Author Robert Reid and illustrator Wesley W. Bates understand this better than most. Their new book, Casting Into Mystery (Porcupine's Quill), is not just a celebration of fly-fishing and the rich history of art it's inspired, but a deep meditation on our relationship with the natural world and how North America's waterways sustain us mentally, physically and spiritually. Bates's painstaking wood engravings beautifully flesh out Reid's prose, working together to create a unique and powerful love letter to the sport they love, and to the wonder and mystery of the environment in which they enjoy it.

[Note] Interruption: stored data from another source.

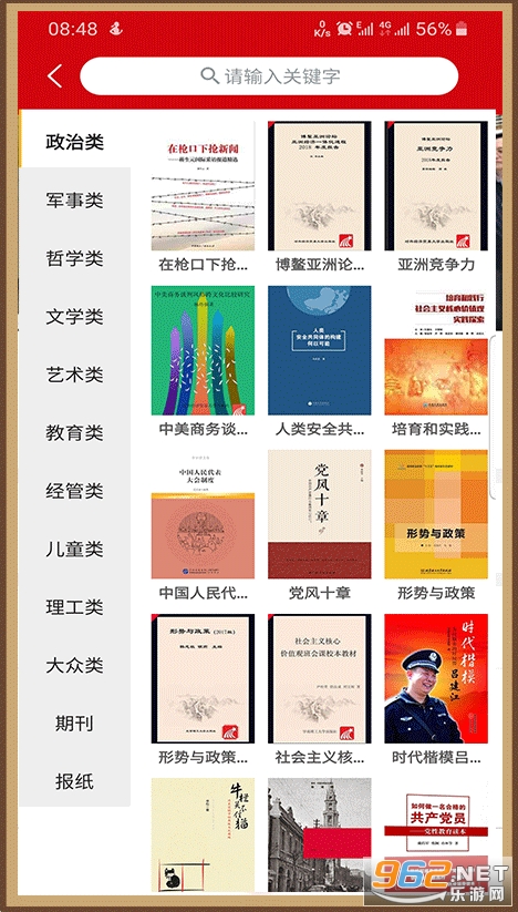 看书页面,内容分为十二大类,分别是:政治类、军事类、哲学类、文学类、艺术类、教育类、经管类、儿童类、理工类、大众类、期刊和报纸。
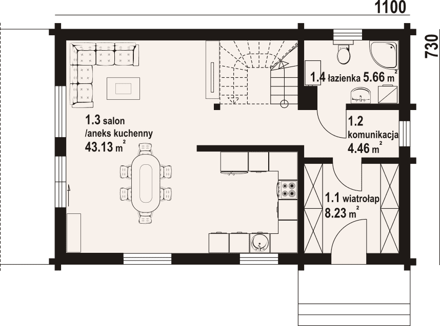 - 1.3 - salon z aneksem kuchennym43.13 m²
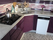 V kuchyni je rohová kuchyňská linka v kombinaci bílého lesku s fialovou barvou včetně vestavěných spotřebičů.
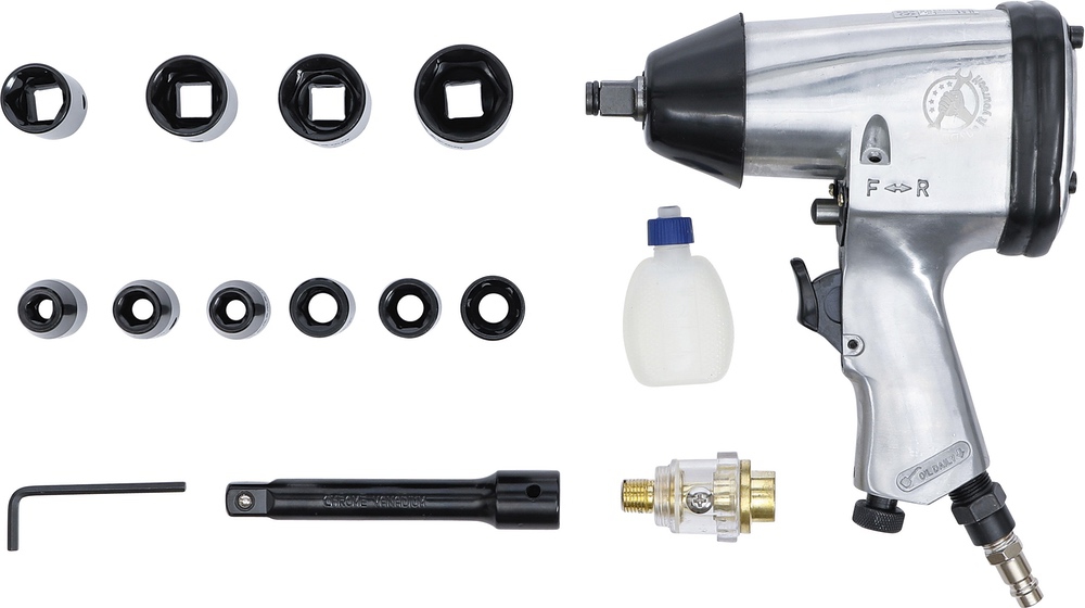 Uťahovák pneumatický úderový 1/2″, s náradím, 312 Nm, 16 dielov, BGS 3211
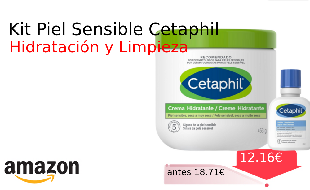 Más de un 30% 🚀 Kit Piel Sensible Cetaphil❗️🆕 #Amazon 🇪🇸 📛Precio Ya 12.16€❗️ (PVP: +18.71€) ✨Set completo para piel sensible con crema hidratante de larga duración y loción limpiadora suave Cuidado dermatológico diario que respeta tu piel delicada. cholloya.com/CETAPHIL_PIEL_S
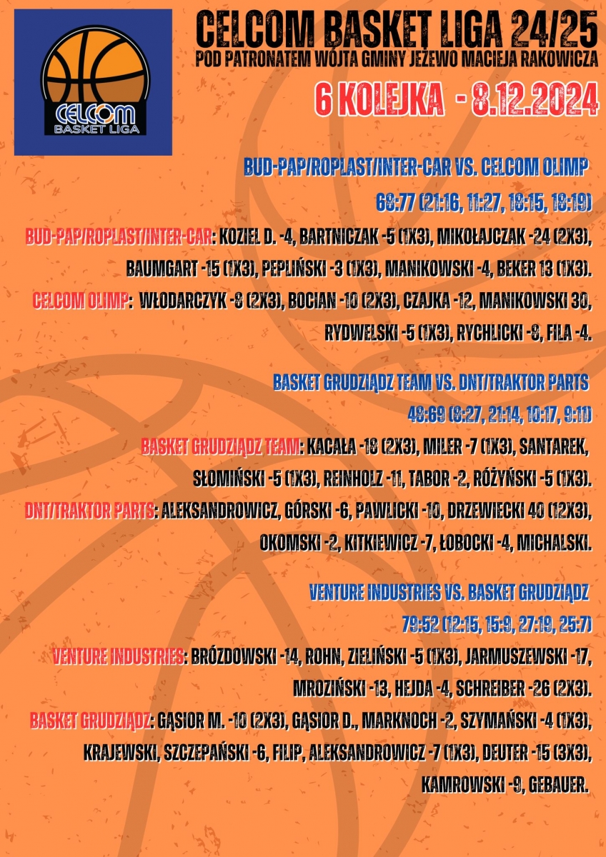 DNT/Traktor-Parts, Celcom Olimp Jeżewo i Venture Industries Grudziądz wygrywali w 6. kolejce CLB w Jeżewie. To oznacza, że czołowa trójka powiększyła przewagę. Tym razem emocje były mniejsze niż tydzień wcześniej, a wyniki rozstrzygały się już po trzecich kwartach. Aktorem nr 1 niedzieli był Karol Drzewiecki, który rzucił dla lidera DNT/Traktor-Parts aż 40 pkt, w tym 12 „trójek”. „Traktorzyści” pokonali drugi raz w tym sezonie Basket Grudziądz Team 69:48. Wynik ustawiła 1. kwarta wygrana 27:8. Trwa dobra passa jeżewian, którzy zrewanżowali się Bud-Pap/Roplast/Inter-Car za porażkę na inaugurację sezonu 60:62. Wygrali 77:68. Kluczowa okazała się 2. kwarta, którą Olimp wygrał 27:11 odrabiając z nawiązką pięć „oczek” straty z inauguracyjnej odsłony.
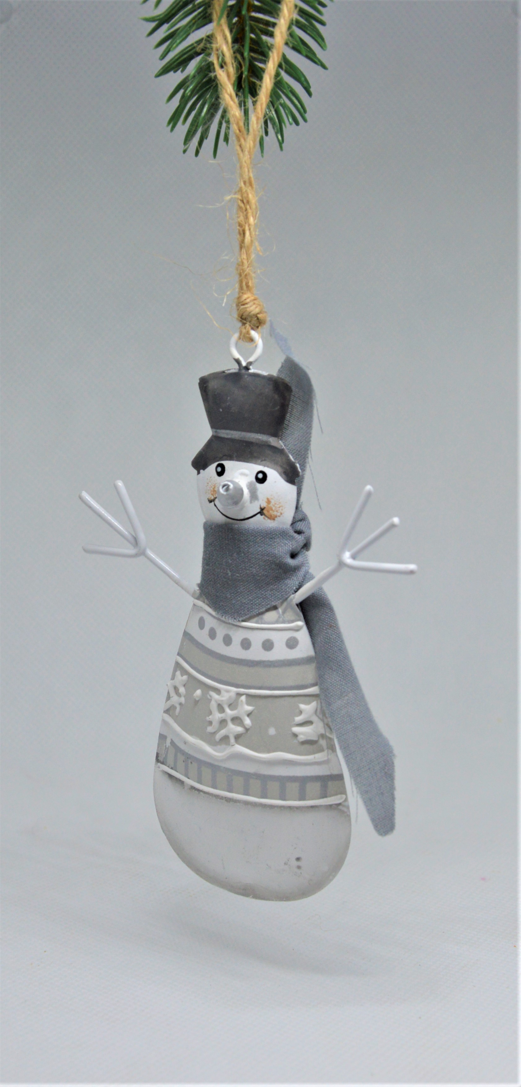 Vánoční ozdoba sněhulák - rozkošný šedo-bílý plechový sněhulák na jutovém provázku s drátěným nosem, šedým kloboukem a šálou, místo rukou má větvičky.
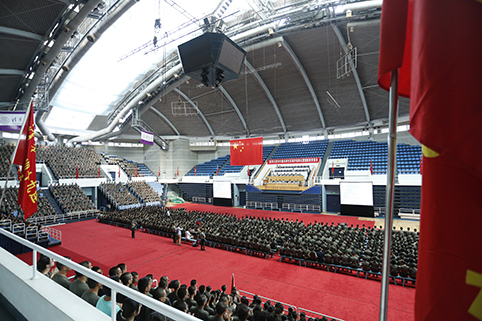 mk手机注册2015级本科生军训开训典礼现场。记者 张 宇 摄
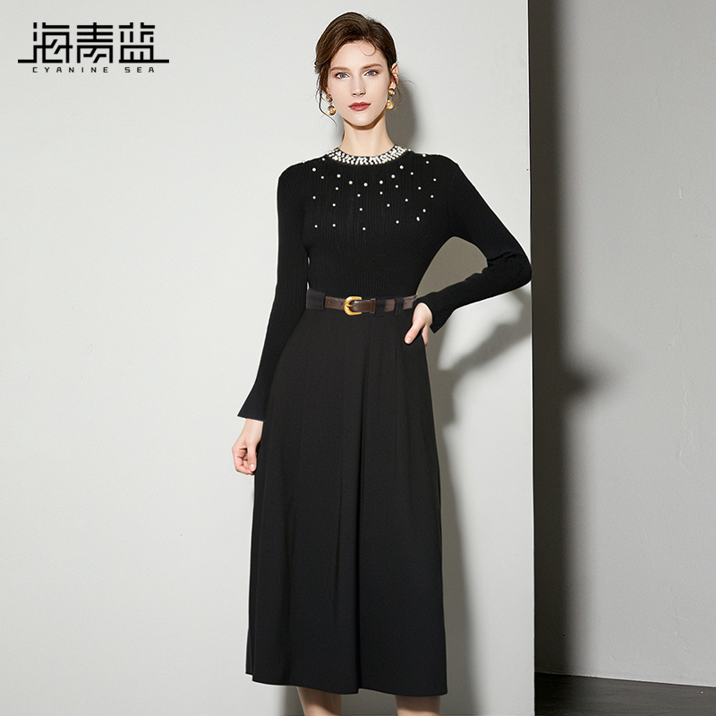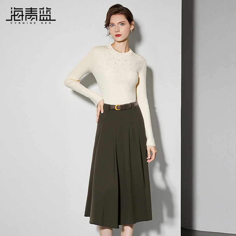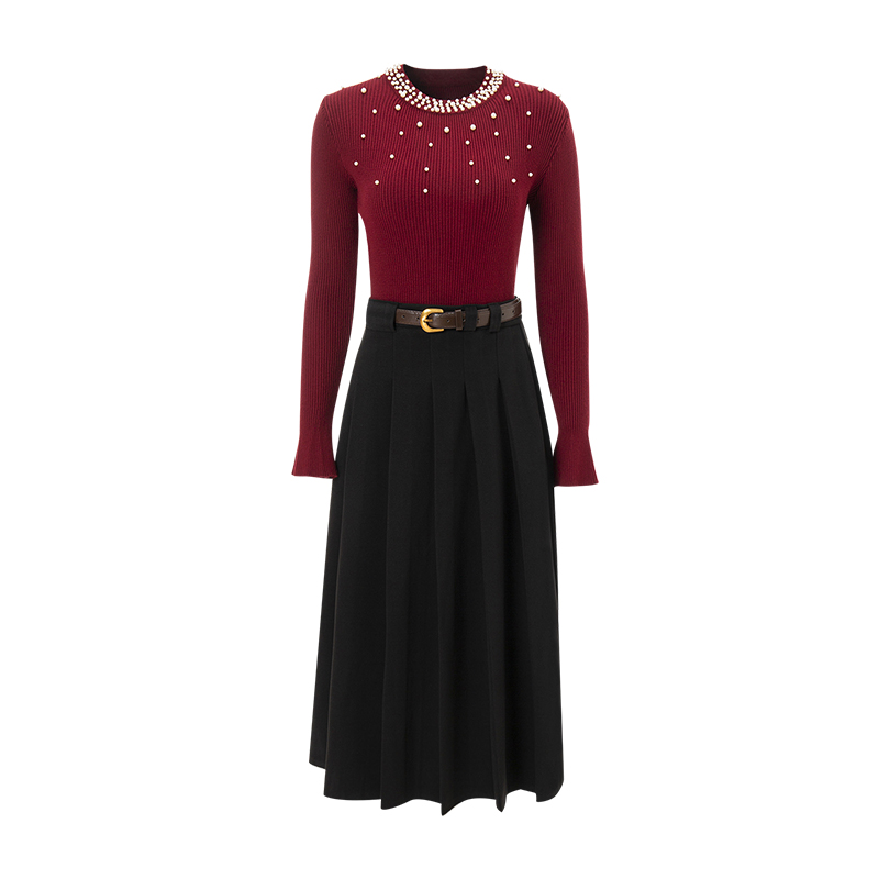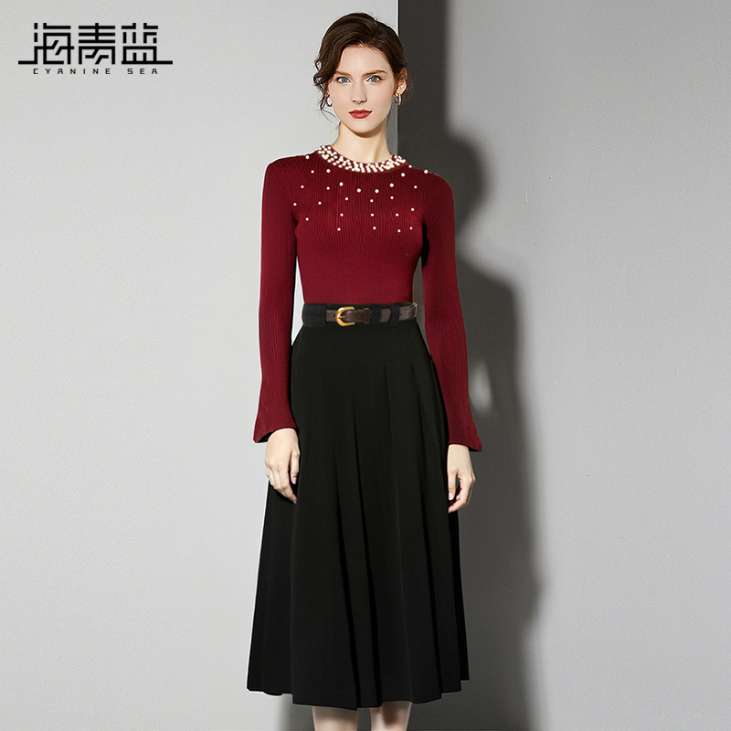 裙女2025新款 红色套装 秋冬显瘦百褶裙两件套 钉珠针织衫 海青蓝法式

We're thrilled to have Robert at Open Book today to discuss the origins of the book, the importance of "the two Vs" in writing nonfiction, and how fly-fishing brought him closer to a deep and profound relationship with nature.
Open Book:
Tell us about your new book and how it came to be. What made you passionate about the subject matter you're exploring?
Robert Reid:
Casting into Mystery is a sympathetic fusion of word and image. Wesley Bates’s engravings are not illustrations in a conventional sense, but a visual narrative that complements and enhances my text. Think of a pair of fishing companions sharing the same stretch of river. Many chapters started as blog postings which I began writing after retiring from newspaper journalism. When I started playing with the idea that the postings might form the basis of a memoir, I thought about working with Wesley. When we finally met up again after many years, he asked whether I would consider partnering on a book. It was exactly what I had been contemplating. It was a case of piscatorial/creative synchronicity. We are both fly anglers. It is a passion for me because it reminds me that I’m inextricably connected to nature. When fly fishing I’m not in nature, I’m of nature. The river in which I’m wading flows through the arteries and veins of my body. I am river, river is me.
OB:
Is there a question that is central to your book? And if so, is it the same question you were thinking about when you started writing or did it change during the writing process?
RR:
The book’s title is intended to be interpreted literally. The book is about mystery. Most of us spend considerable time seeking answers to fundamental questions. Fly fishing has taught me that it’s enough to open my body, spirit and imagination to the embrace of mystery. When I’m standing waist deep in a river with a bamboo fly rod in my hand, I’m casting an artificial fly, often lighter than a whisper, into mystery. I’m one small finishing nail in the architecture of mystery. This process, which unfolds in the pulsating moment, not only encompasses nature in all her abundant splendor - including rivers, fish and insects -but the elements that make up the practice of fly fishing. Time and mortality, joy and sorrow, fulfillment and loss, art and spirituality are integral to the mystery.
OB:
What was your research process like for this book? Did you encounter anything unexpected while you were researching?
RR:
Most of my research was done by wading rivers or canoeing lakes. Every time I pick up a fly rod the experience is new, unlike any previous experience in specifics. The unexpected is the norm. Then there was reading from the rich literature of fly fishing that predates Izaak Walton’s The Compleat Angler (first published in 1653), the most reprinted book in English with the exception of the Bible and Pilgrim’s Progress. More great books devoted to fly fishing were published in the last century, into this century, than at any other time in the long history of fly fishing, which extends back to before the birth of Christ.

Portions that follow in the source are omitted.